(Stored records)

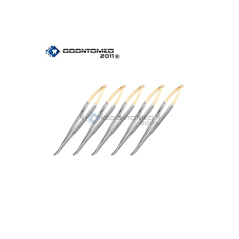 OdontoMed2011 Set of 5 Pieces T/C Castroviejo Needle Holder 9" Curved with Lock Round Handle TC Dental Instruments ODM
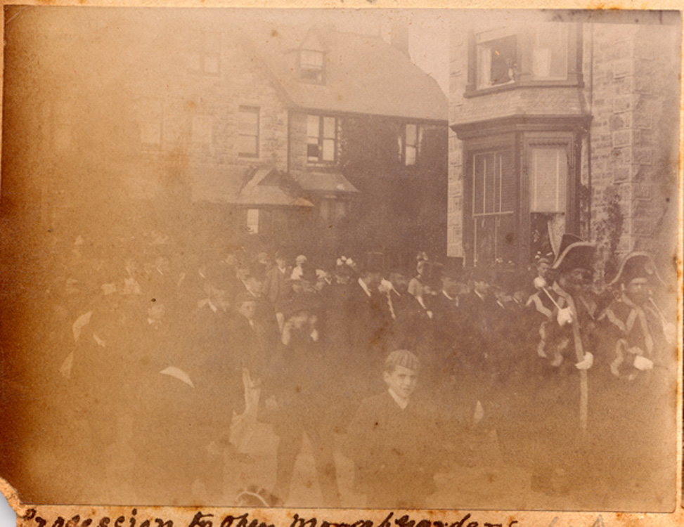 Description: This is a photograph of the procession to open Morrab Gardens going down Morrab Road, with Morrab Terrace in the background. In front are the mace bearers with the Mayor, William Francis Rowe and dignitaries behind them. In the foreground there are a number of school boys.
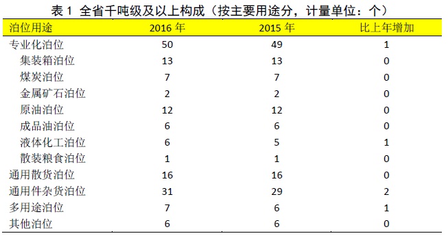 全省港口拥有千吨级及以上泊位110个,比上年末增加4个。其中,专业化泊位50个,增加1个,通用散货泊位16个,与上年持平,通用件杂货泊位31个,增加2个,多用途泊位7个,增加1个,其他泊位6个,与上年持平。
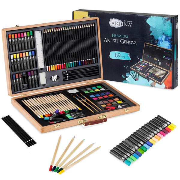 Das 89teilige Malset Genova von Artina enthält eine große Auswahl an Malutensilien zum Malen und Zeichnen. Die reichhaltige Auswahl an Künstlerutensilien garantiert ein erfolgreiches Malerlebnis.
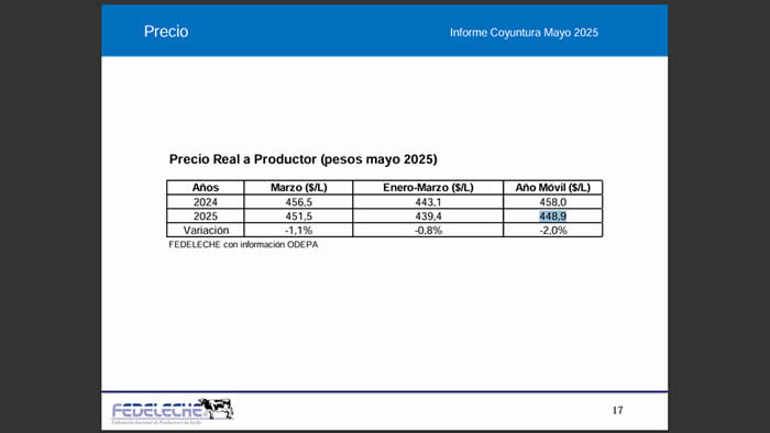 Los datos liberados por la Oficina de Estudios y Políticas Agrarias (Odepa), muestran que, a nivel nacional - el precio real por litro pagado al productor de leche en el periodo enero – marzo de 2025 disminuyó un 1,1%, pasando de $ 456,45 a $ 451,53 por litro.

• _DIRECTIONS_:
When you reach a picture in the records above, pass over it and transcribe the rest exactly.

• _RESPONSE_:
 OdontoMed2011 Set of 5 Pieces T/C Castroviejo Needle Holder 9" Curved with Lock Round Handle TC Dental Instruments ODM
 Description: This is a photograph of the procession to open Morrab Gardens going down Morrab Road, with Morrab Terrace in the background. In front are the mace bearers with the Mayor, William Francis Rowe and dignitaries behind them. In the foreground there are a number of school boys.
 全省港口拥有千吨级及以上泊位110个,比上年末增加4个。其中,专业化泊位50个,增加1个,通用散货泊位16个,与上年持平,通用件杂货泊位31个,增加2个,多用途泊位7个,增加1个,其他泊位6个,与上年持平。
 Das 89teilige Malset Genova von Artina enthält eine große Auswahl an Malutensilien zum Malen und Zeichnen. Die reichhaltige Auswahl an Künstlerutensilien garantiert ein erfolgreiches Malerlebnis.
 Los datos liberados por la Oficina de Estudios y Políticas Agrarias (Odepa), muestran que, a nivel nacional - el precio real por litro pagado al productor de leche en el periodo enero – marzo de 2025 disminuyó un 1,1%, pasando de $ 456,45 a $ 451,53 por litro.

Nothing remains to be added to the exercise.